**Information supplied:**
>>>

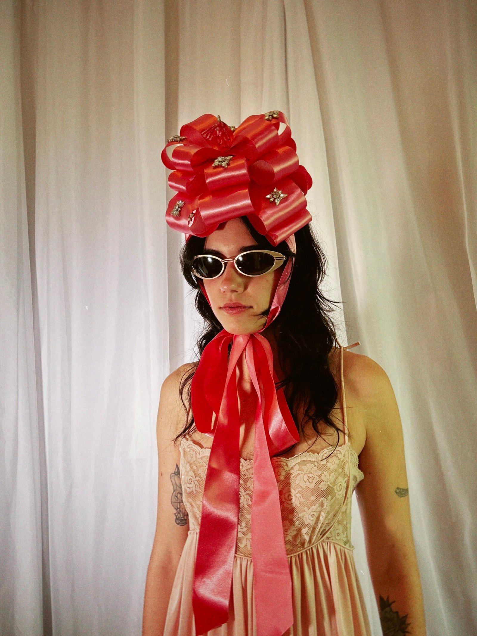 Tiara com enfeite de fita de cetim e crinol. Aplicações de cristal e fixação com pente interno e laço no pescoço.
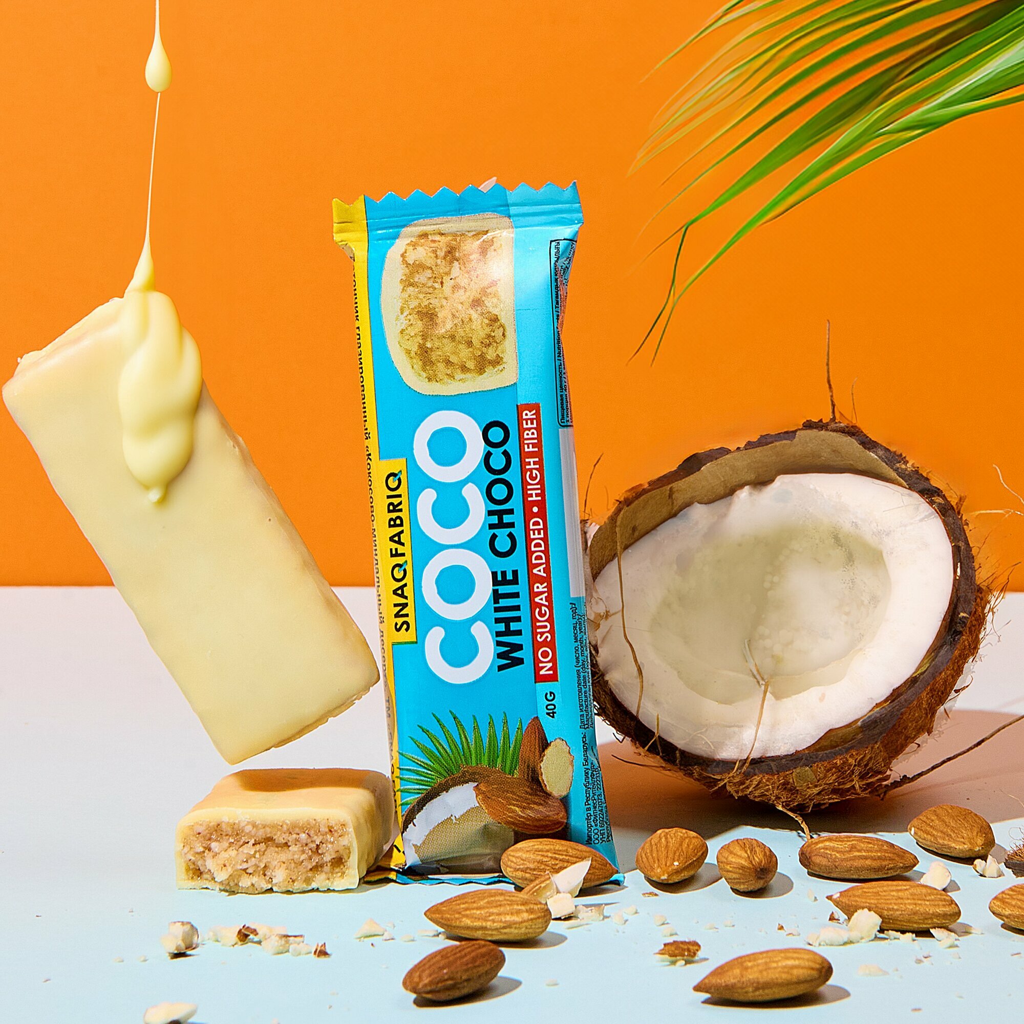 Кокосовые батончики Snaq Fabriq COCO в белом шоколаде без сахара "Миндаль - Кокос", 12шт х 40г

<<<
>>>

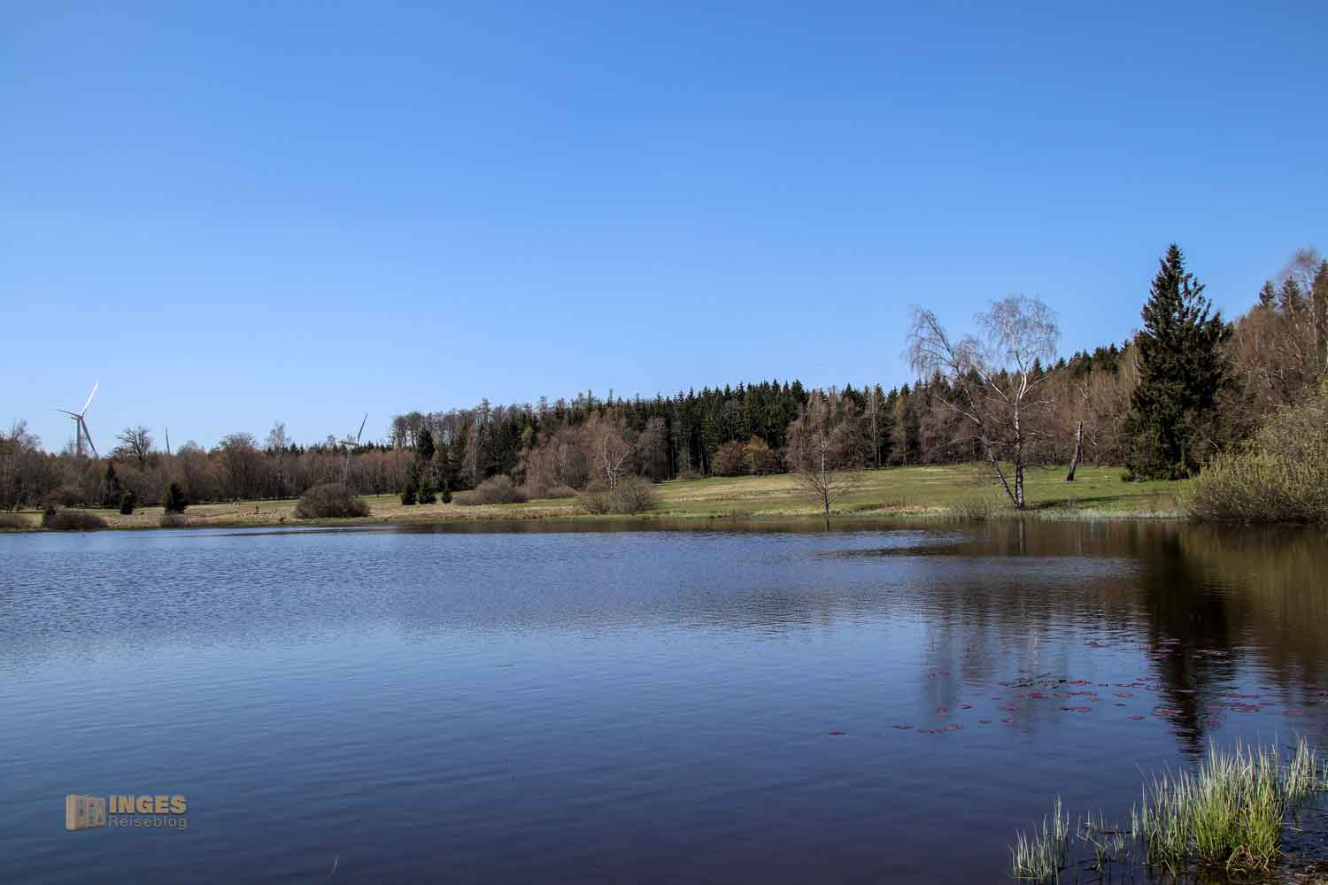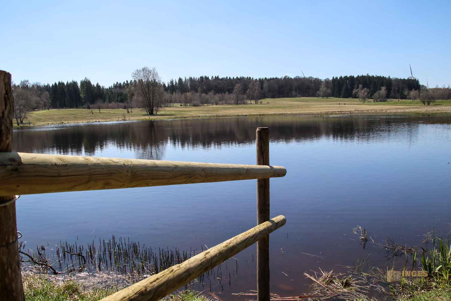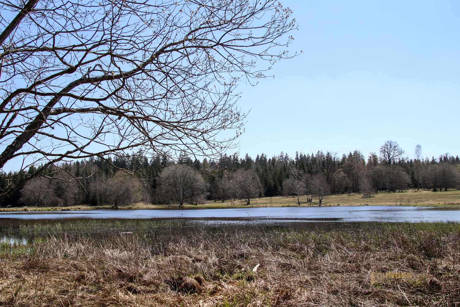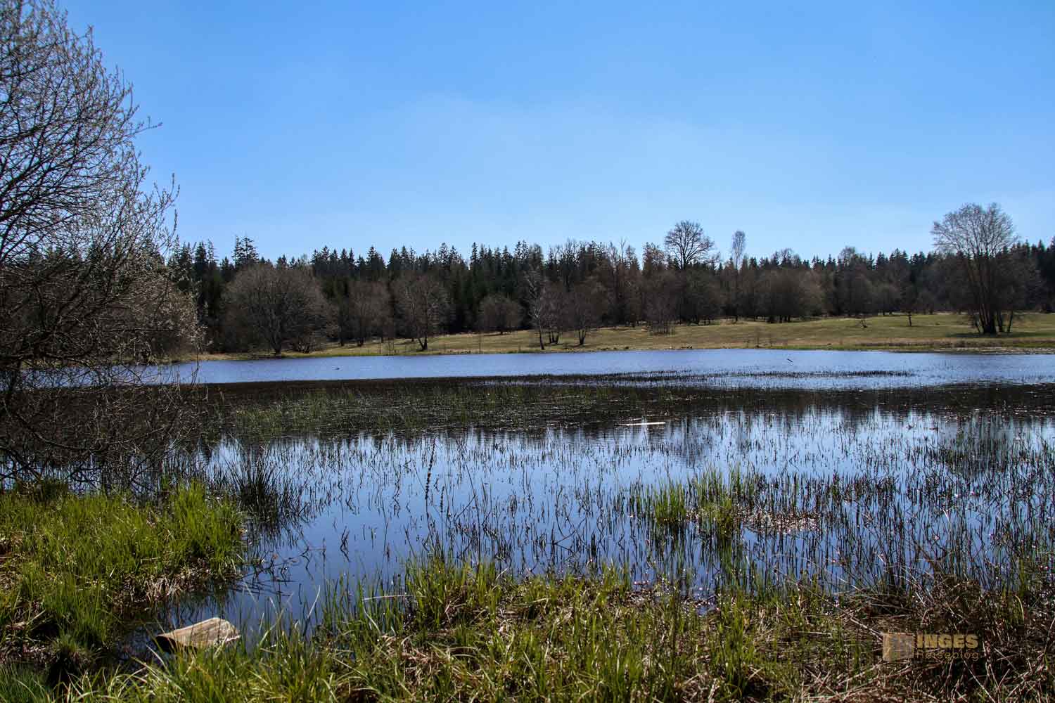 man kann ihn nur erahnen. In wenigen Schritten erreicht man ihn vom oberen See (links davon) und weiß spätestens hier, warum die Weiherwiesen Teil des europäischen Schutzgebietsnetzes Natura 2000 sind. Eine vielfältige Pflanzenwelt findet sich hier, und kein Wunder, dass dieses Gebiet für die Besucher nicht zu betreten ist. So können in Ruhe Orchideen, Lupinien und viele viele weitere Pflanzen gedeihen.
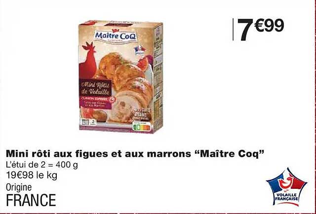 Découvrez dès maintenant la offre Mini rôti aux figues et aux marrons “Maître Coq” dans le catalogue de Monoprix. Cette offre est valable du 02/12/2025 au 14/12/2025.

<<<

**Exercise prompt:** Return, exactly as they stand, the lines above from the one with "Tiara com enfeite" to the one with "Кокосовые батончики Snaq", omitting any pictures among them.

**Output below:**
 Tiara com enfeite de fita de cetim e crinol. Aplicações de cristal e fixação com pente interno e laço no pescoço.
 Кокосовые батончики Snaq Fabriq COCO в белом шоколаде без сахара "Миндаль - Кокос", 12шт х 40г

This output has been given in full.